R.L. Osborn

BMX Racing History · Rider Profile · Legend Bike Co

R.L. Osborn

Known for: Founding figure of freestyle BMX
Connection: Son of BMX Action founder Bob Osborn
Team: BMX Action Freestyle Team / Redline
Frame design: Redline RL-20II Freestyle
After Redline: Founded BULLY Bikes
Era: Late 1970s through mid-1980s

R.L. Osborn didn't invent freestyle BMX by himself. But he and Bob Haro were the two people who first turned it into something people paid to watch. They were both working at BMX Action magazine — R.L. as a test rider, Haro as an illustrator — and after hours they started doing tricks on their bikes in the parking lot and on ramps around Torrance. Wheelies, rollbacks, curb endos. Stuff that had no class at any race, no rules, no points. They did it because they could.

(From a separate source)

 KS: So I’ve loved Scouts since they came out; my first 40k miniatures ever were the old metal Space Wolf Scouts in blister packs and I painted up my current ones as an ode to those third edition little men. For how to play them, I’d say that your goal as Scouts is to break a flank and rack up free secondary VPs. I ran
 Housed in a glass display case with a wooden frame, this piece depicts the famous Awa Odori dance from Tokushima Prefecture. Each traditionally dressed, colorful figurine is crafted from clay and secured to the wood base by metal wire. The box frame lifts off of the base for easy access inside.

Their first public performance was at the ABA Winternationals in February 1980. The magazine formally put them on the road as the BMX Action Freestyle Team — touring riders doing demos at races and shows across the country. This was before the word "freestyle" was in common use. The frames they were riding were Redlines, and those demos are the direct origin point of the freestyle industry that followed.

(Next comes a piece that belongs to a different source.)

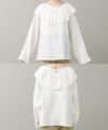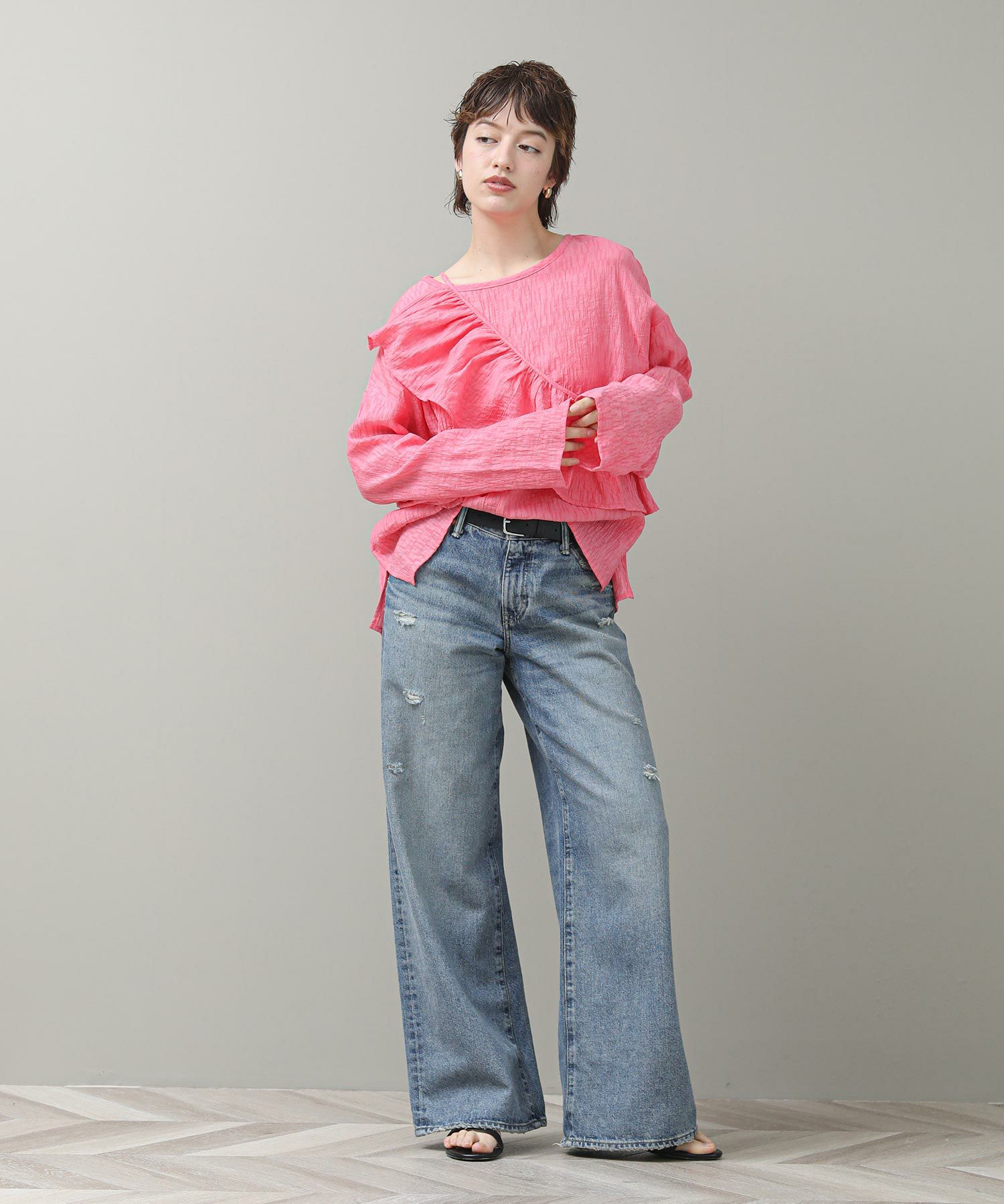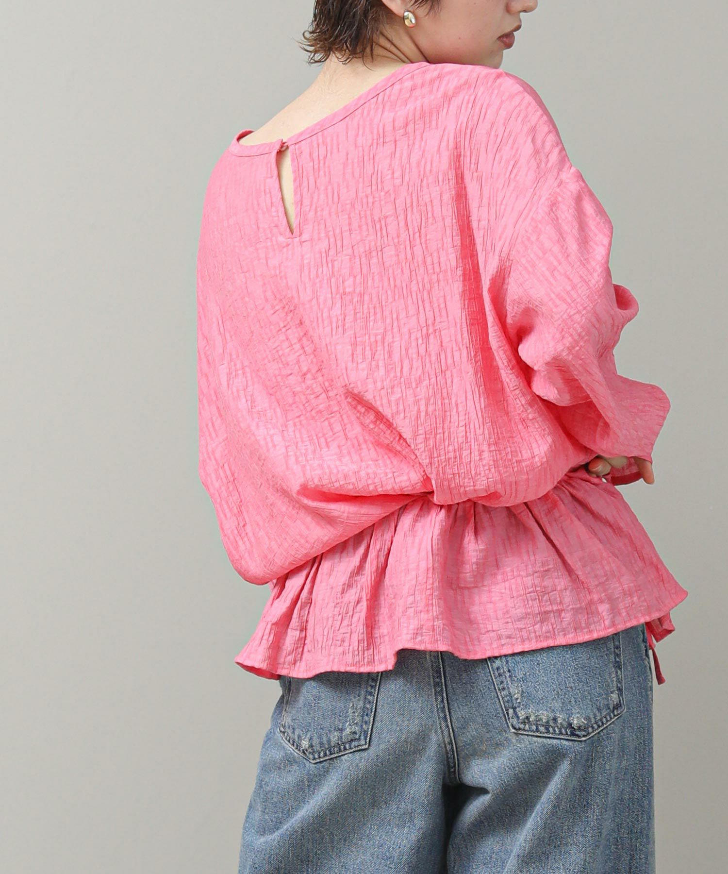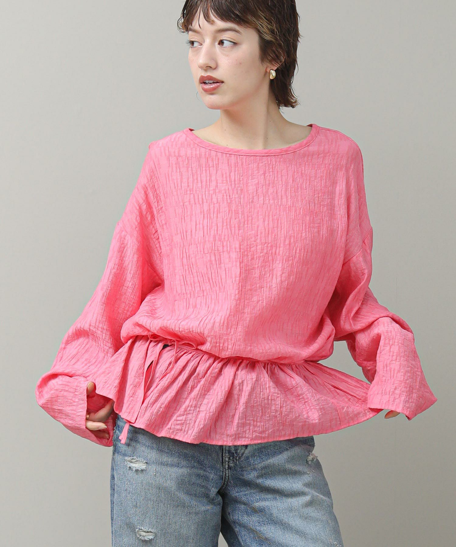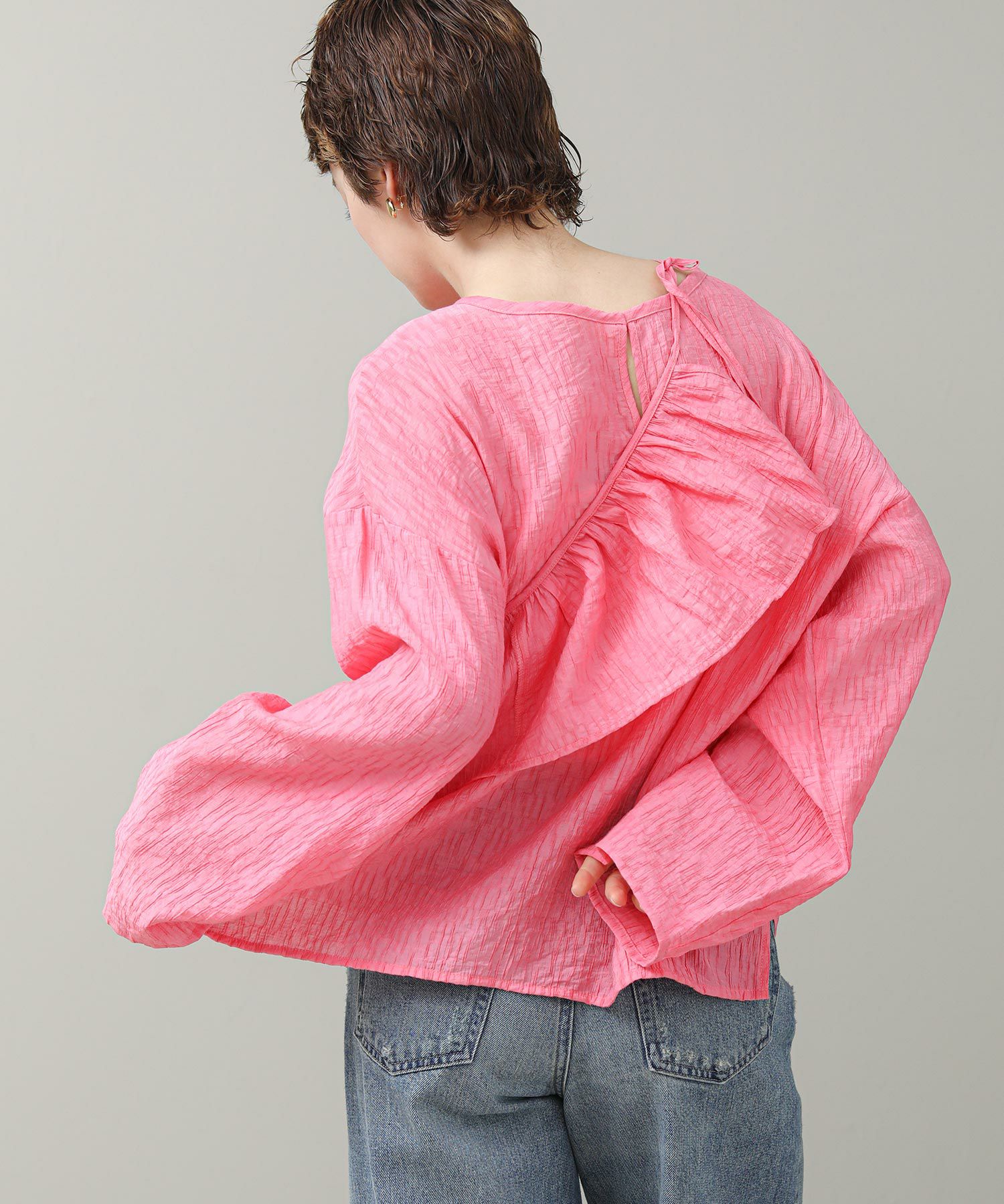 大きなフリル衿は着脱が可能でマルチWAYで使用できます。肩に垂らしてラッフルカラー風にしたり、腰の位置で巻けばペプラムデザインのブラウスにも。ブラウスだけで着るとTシャツ感覚で着られてジャケットやカーディガンのインナーにも重宝します。目を惹くビビットなピンクが春の気分を高めてくれる1枚です。

R.L. stayed with the BMX Action Freestyle Team and his Redline sponsorship through the early 1980s, and his connection to the brand ran deeper than just riding. He was directly influential in the design of the Redline RL-20II — the freestyle frame that carried his initials and eventually gained the traction the original RL-20 Prostyler hadn't. It was one of the first production freestyle frames to reflect real rider input at the design stage.

When his Redline deal ended, he didn't go to another established brand. He started his own company: BULLY Bikes. That move put him alongside the generation of rider-owned brands — Haro, Hoffman, S&M — that came to define the post-boom era of BMX.